Proceeding as above for ${{\left( 2018 \right)}^{2019}}$ , the cycle for $8$ is also $4$ . We express the power of $2018$ , which is $2019$ as $4\left( 504 \right)+3$ . We see that the remainder being $3$ , all that matters for the unit’s place digit is this power $3$ . ${{8}^{3}}=512$ , which has the unit's place digit $2$ . Thus, the unit’s place digit of ${{\left( 2018 \right)}^{2019}}$ is $2$ .
Proceeding as above for ${{\left( 2019 \right)}^{2020}}$ , the cycle for $9$ is $2$ . We express the power of $2019$ , which is $2020$ as $2\left( 1010 \right)+0$ . We see that the remainder being $0$ , all that matters for the unit’s place digit is this power $0$ . ${{9}^{0}}=1$ , which has the unit's place digit $1$ . Thus, the unit’s place digit of ${{\left( 2019 \right)}^{2020}}$ is $1$ .
The sum of the unit’s place digit for the entire expression is thus,
$9+2+1=12$
Since, $12$ is greater than $5$ , we cannot say that the remainder is $12$ . So, we need to again divide this $12$ by $5$ which gives $2$ as remainder.
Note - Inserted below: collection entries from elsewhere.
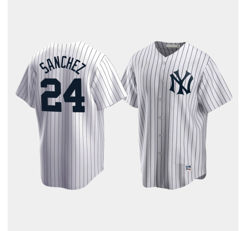 - Mens Yankees #24 Gary Sanchez Cooperstown Collection Home White Jersey
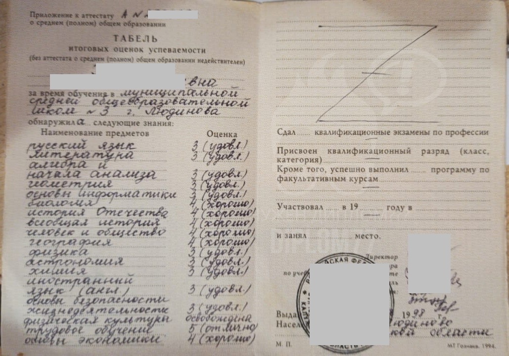 С 1994 года аттестаты стали выглядеть так. К основной корочке прилагалось приложение — табель с оценками.
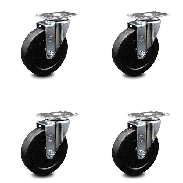 5 Inch Soft Rubber Wheel Swivel Top Plate Caster Set
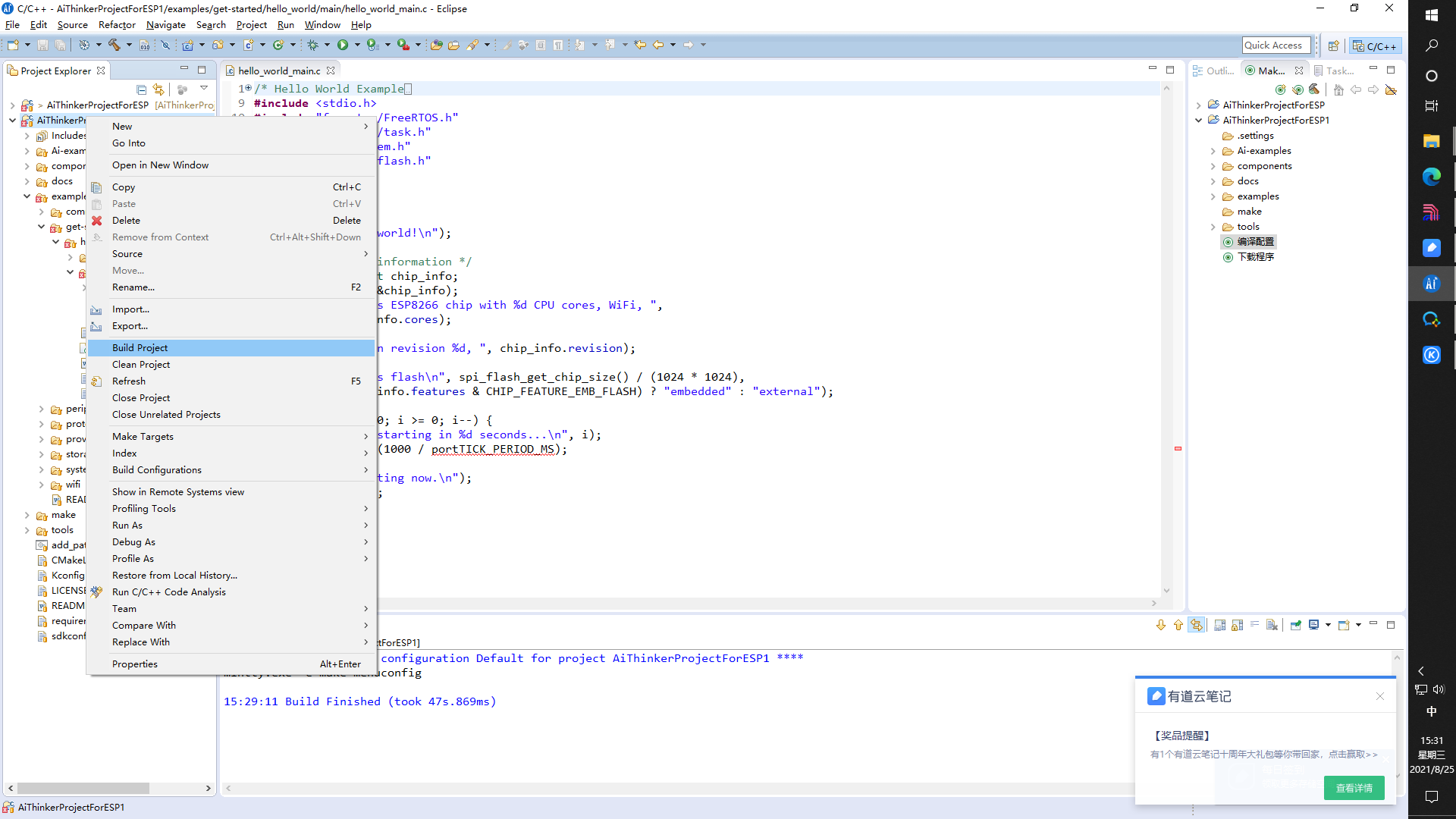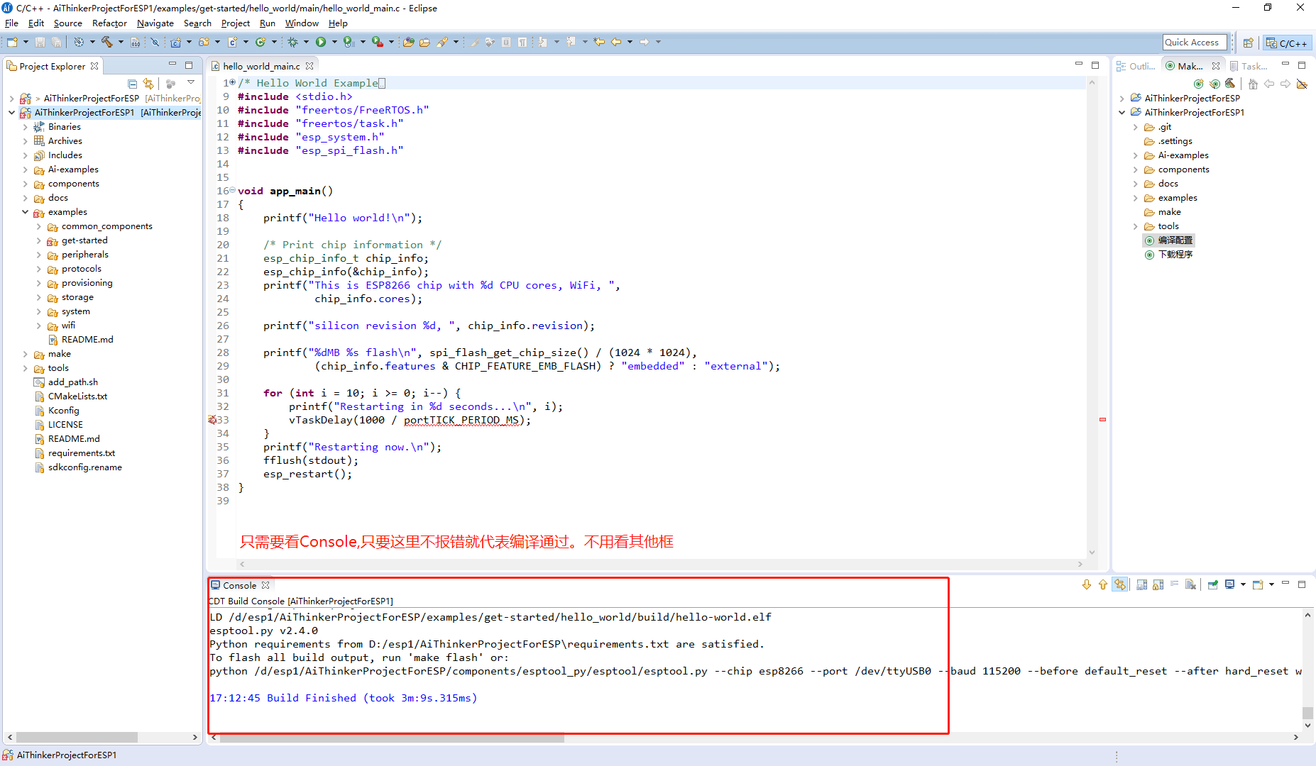 至此环境搭建完成,打开hello_world工程main.c文件
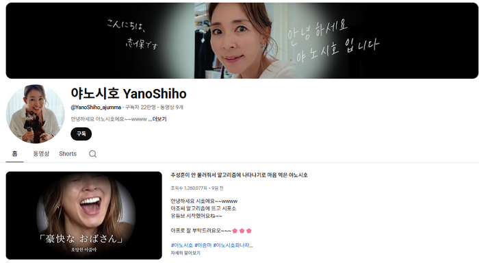 야노 시호가 9일 전에 올린 첫 영상은 조회수 126만회를, 6일 전 공개한 집공개 영상은 250만회를 넘으며 큰 관심을 받고 있다.
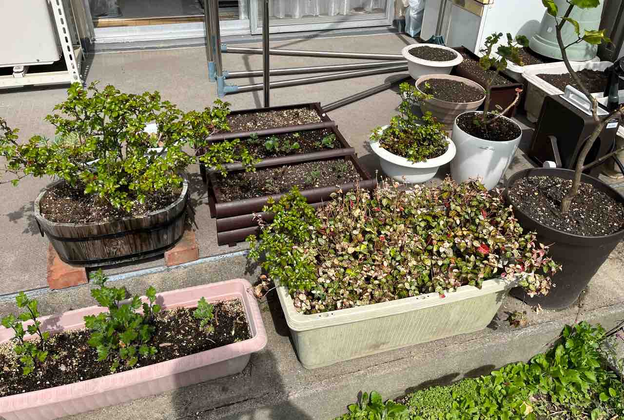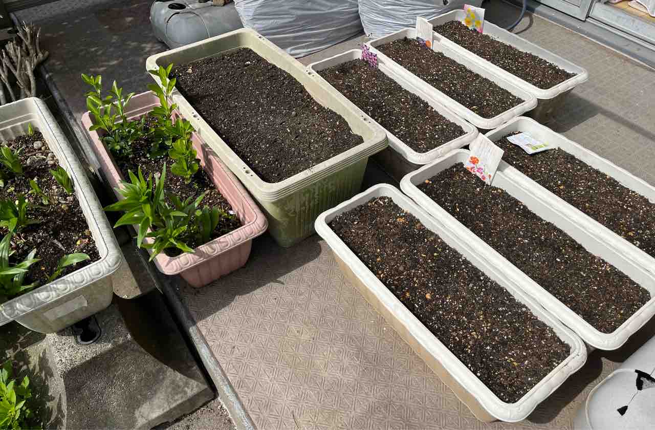 夏から秋に花を開かせるであろう草花の種はプランターに撒きました。傷んではいけないので余った土もプランターに盛っておきました。
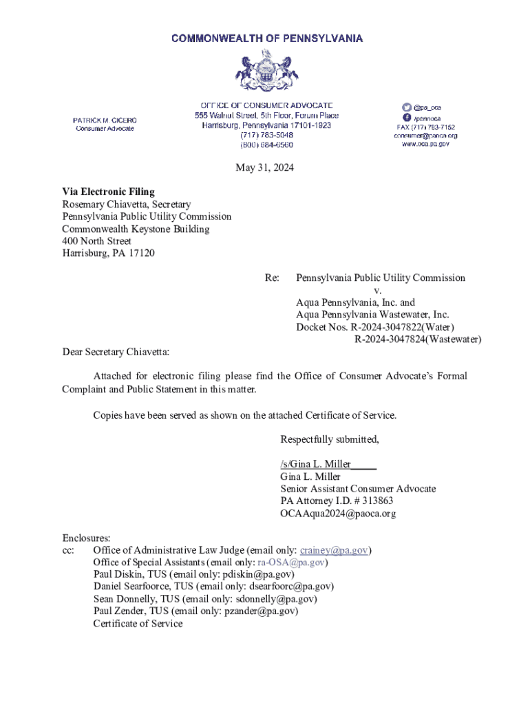 May 31, 2024 Via Electronic Filing Rosemary Chiavetta, Secretary Pennsylvania Public Utility Commission Commonwealth Keystone Building 400 North Street Harrisburg, PA 17120 Re:Dear Secretary Chiavetta:Pennsylvania
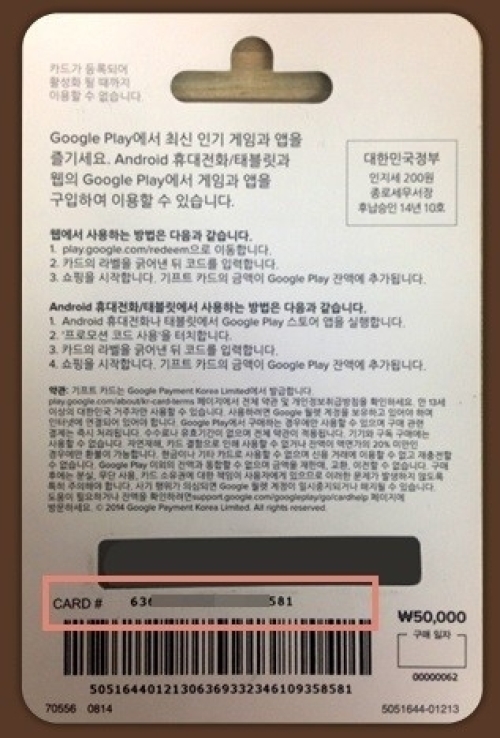 구글 플레이 기프트 카드 구입 Google Play Gift Card 한국에서도 판매
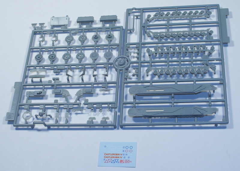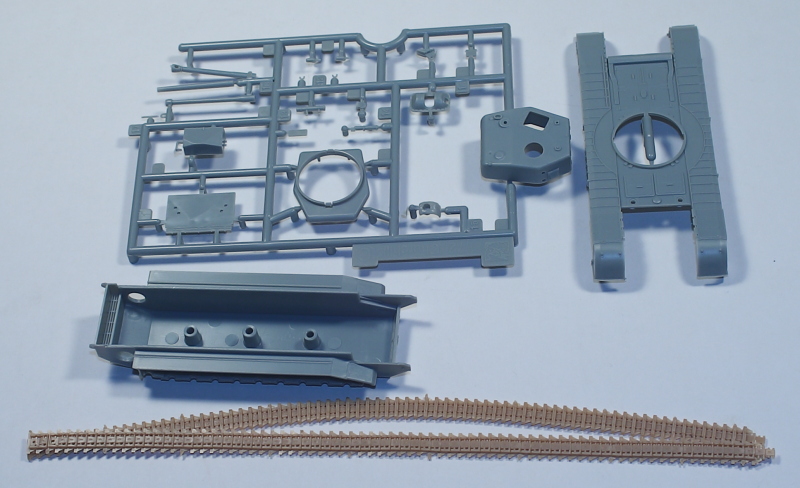 This model shouldn't take long to assemble; where it will probably slow down is in how you weather it. Construction first states with gluing the turret together, adding all pieces until complete. The second instruction step is gluing the lower hull together, including the two-piece (for each side) running gear. The wheel assembly is separate from the spring assembly, and once all together then that is glued to the lower hull. The only other separate pieces are the drive sprockets and idler wheel. Plus you'll need to add the front glacis to the assembly as well.
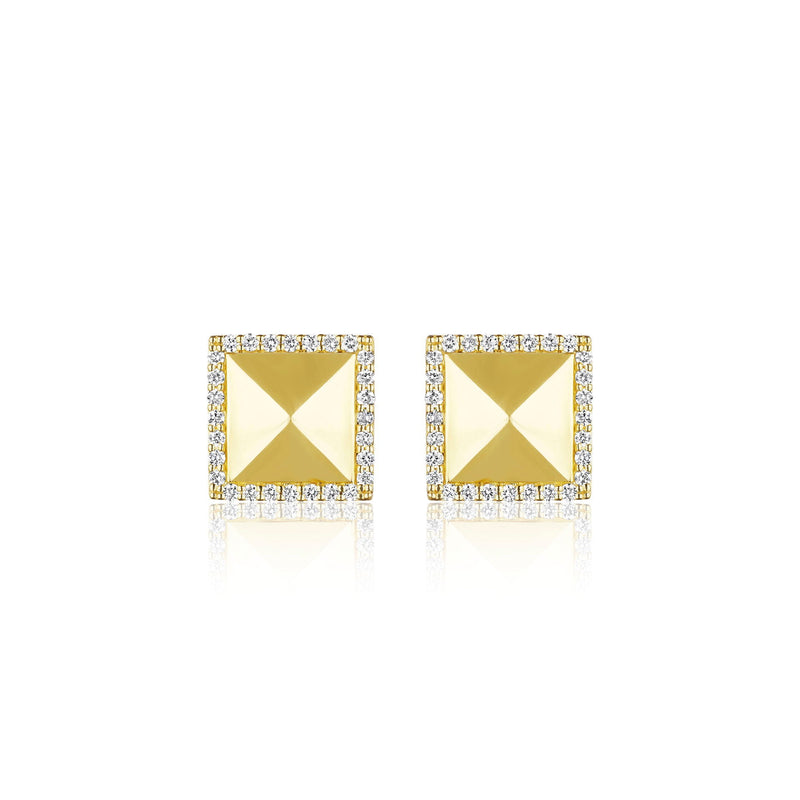 DY Elements Button Stud Earrings in Sterling Silver with Pave Diamonds

Therefore, we can conclude that the remainder when ${{\left( 2017 \right)}^{2018}}+{{\left( 2018 \right)}^{2019}}+{{\left( 2019 \right)}^{2020}}$ is divided by $5$ is $2$ .

Note: For these types of problems, we should always focus on the unit’s place digit and nothing else, as they don’t matter. The cycle of the powers of the numbers must be calculated carefully, as students make mistakes over here. At the end, we must be careful that the remainder that we are claiming is less than the divisor; if it is not, we should again divide it by the divisor and then find the remainder.